In this case, the low beta of the commodities market suggests significant diversification potential, helping to reduce portfolio volatility and, in our view, improve risk-adjusted returns.

Portfolio diversification is important, but it may become more so if the economy slips into a recession while inflation remains high.

we believe the risk of continued supply chain disruptions and tight inventories in many sectors is high

A look at the historical inflation-adjusted performance of asset classes relative to their long-term average – grouped by positive and negative surprises in times of economic growth and inflation – shows the potential importance of diversification of the wallet.

Attractive total return potential

A very favorable macroeconomic environment for real assets in general – and commodities in particular – developed rapidly, at a time when the supply and demand fundamentals for commodities were already favorable.

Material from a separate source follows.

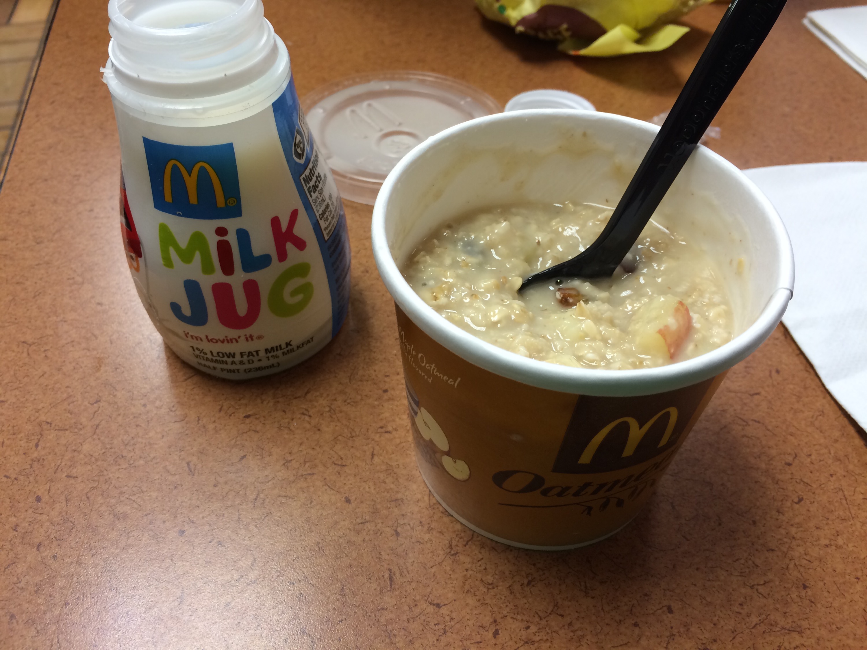 We met Marv and Abigail at McDonalds (of course) on their way out of town Sunday morning. I wasn’t in the mood for anything meaty or eggy, so I went with the oatmeal and a milk. Not Paleo, but arguably the ‘healthiest’ choice at said establishment.

From a fundamental perspective, inventories of many commodities were at multi-year lows at the end of 2021, leaving producers scrambling to meet a resurgence in demand when Covid lockdowns were eased.

However, the lack of investment in supply in recent years means that ramping up production will take time. Ongoing Covid-related production issues, supply chain constraints and high electricity costs driven by the Russian-Ukrainian war only compound the low inventory situation.

In summary, we believe the risk of continued supply chain disruptions and tighter inventory across many sectors is high.

A multi-strategy portfolio of real assets

Commodities are one of four main asset classes typically included in a real asset allocation. The others are real estate, infrastructure and resource stocks. Together they form the “four main” categories of real assets.

The resurgence of global inflation – not seen for more than 40 years – is pushing investors to take a closer look at their asset allocation

Within a multi-strategy portfolio, real assets are typically used to achieve three goals:

  • Deliver outperformance in times of inflation
  • Improve risk-adjusted returns through diversification
  • Sustain strong returns over full market cycles

Historically, no real asset has excelled on each of the criteria of inflation sensitivity, diversification potential and total return.

Commodities, for example, have historically performed best in the areas of inflation sensitivity and diversification, while real estate has historically produced relatively consistent attractive total returns.

While many investors allocate to each of the four main categories individually, a turnkey real asset solution that strategically and tactically invests in all four has the potential to overcome the tradeoffs of standalone real asset exposures and better capture the attributes positive real assets.

The resurgence of global inflation – unseen for more than 40 years – is prompting investors to take a closer look at their asset allocation.

Excessive exposure to traditional risk assets such as stocks and bonds, which excelled in the previous decade of disinflation, seems unlikely to provide the inflation protection, diversification and return profile that investors expect. got used to.

This new world order, marked by high inflation, rising interest rates, de-globalization, tight labor markets and heightened geopolitical risks, has rekindled investor interest in commodities.